Table 1:	Effect of different concentrations of Ocimum sanctum on mycobacterial colony counts in middle brook 7H10 medium
Mean±SD, SD = Standard Deviation for 6 independent experiments

Table 2:	Mean of colony counts of Mycobacterium tuberculosis After treatment with different concentrations of Ocimum sanctum in the macrophage culture
Mean±SD, SD = Standard Deviation for 6 independent experiments

As anti-tuberculosis effects of O. sanctum extracts in a well defined laboratory condition has not been studied before, direct comparison of our findings especially in macrophage culture with previous works is not possible. Direct treatment of M. tuberculosis with O. sanctum extracts, as shown in results, significantly decreased colony counts of M. tuberculosis which is compatible with aged previous reported studies (Joshi and Mgar, 1952; Grover and Rao, 1977).

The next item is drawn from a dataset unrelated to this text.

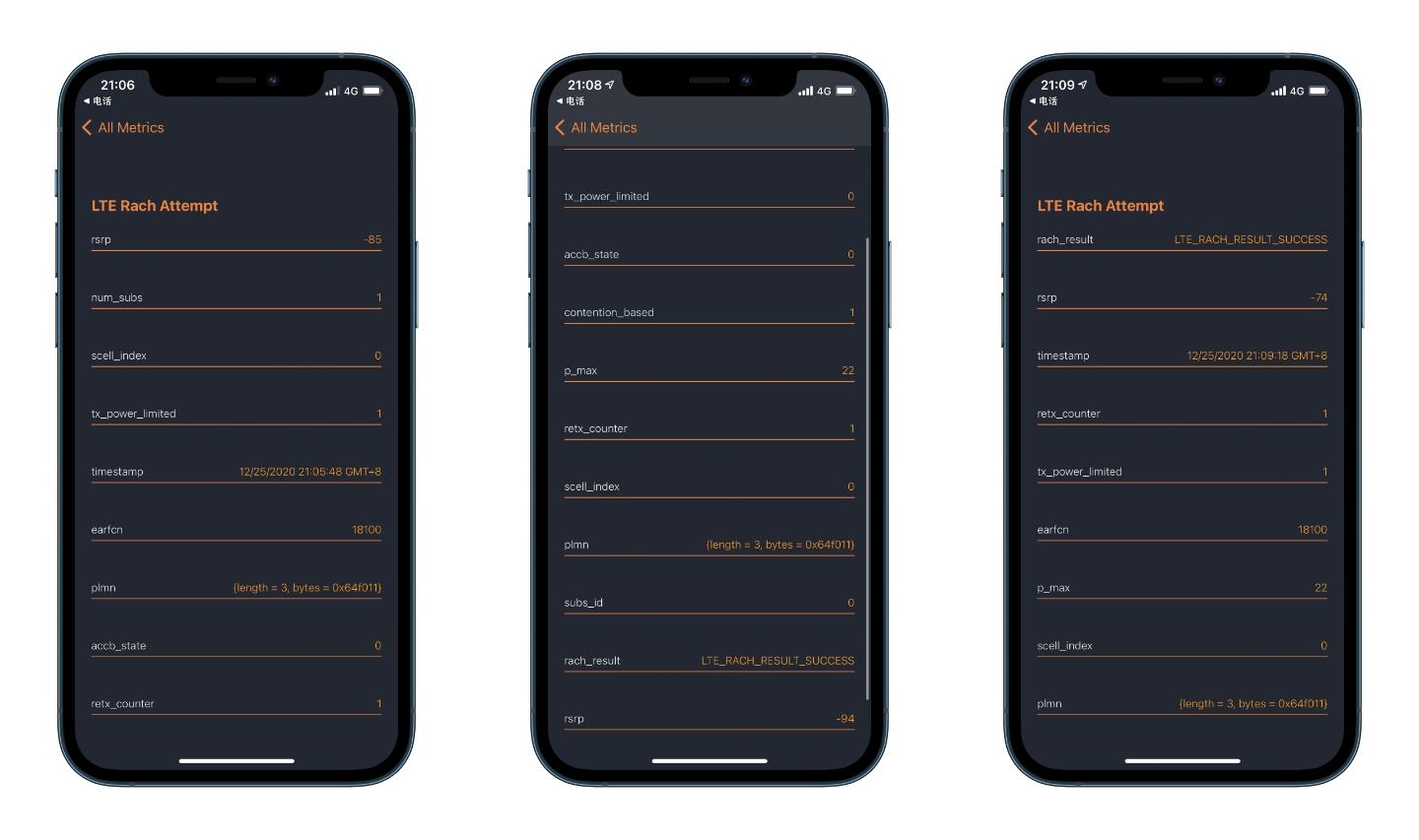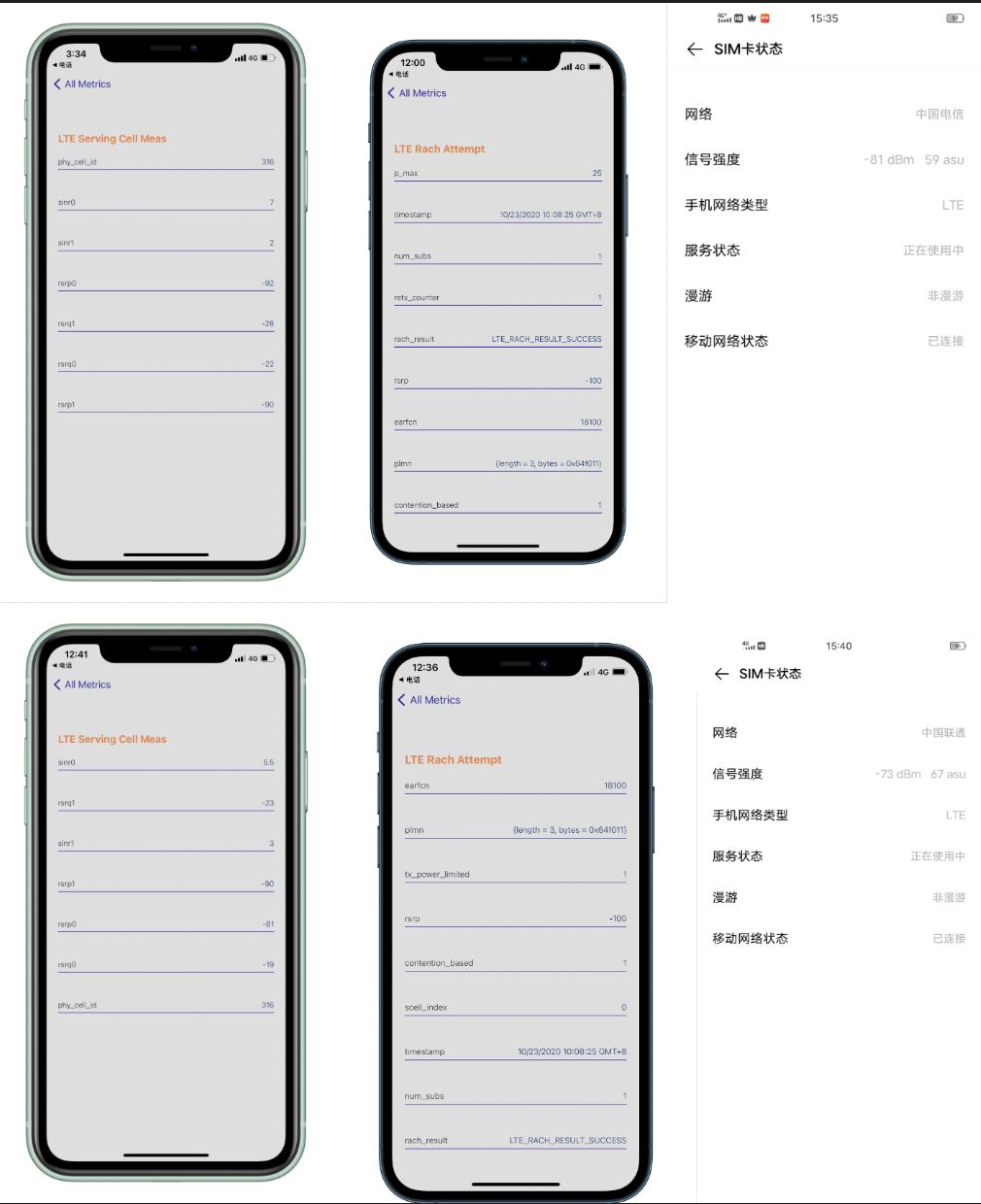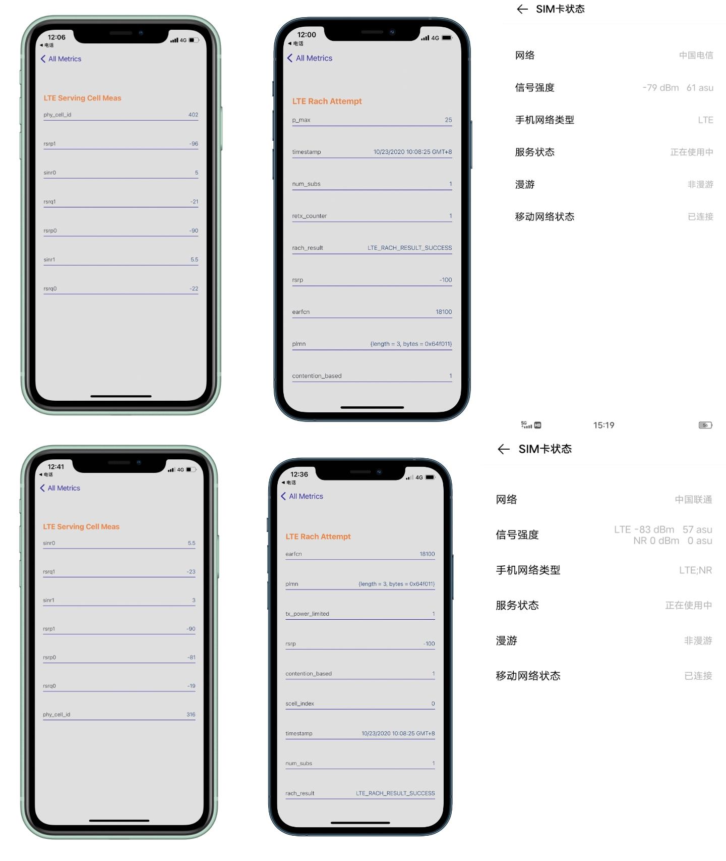 4G模式下,iPhone 11、iPhone 12 Pro、iQOO 5在室内测得的数据如下:不管插入电信还是联通5G SIM卡,iPhone 11和iPhone 12 Pro的信号强度都属于差的那一档,而iQOO 5的信号依旧是极好。

On the other hand, comparison of colony counts of M. tuberculosis culture after extracellular treatment with different concentrations of O. sanctum extracts with colony counts of M. tuberculosis culture resulted from lysis of the infected Macrophage culture and has incubated with different concentration of O. sanctum extracts showed that the colony count decreased in the latter and even in this case, the colony count of extracellular treatment is the same as colony count of M. tuberculosis culture in agar dilution with different concentrations of O. sanctum extracts.

Although in this study we confirmed anti-tuberculosis effects of different concentration of O. sanctum extracts in vitro and in macrophage culture, key components of anti tuberculosis action of these extracts and their mechanism of actions must be discovered in future researches.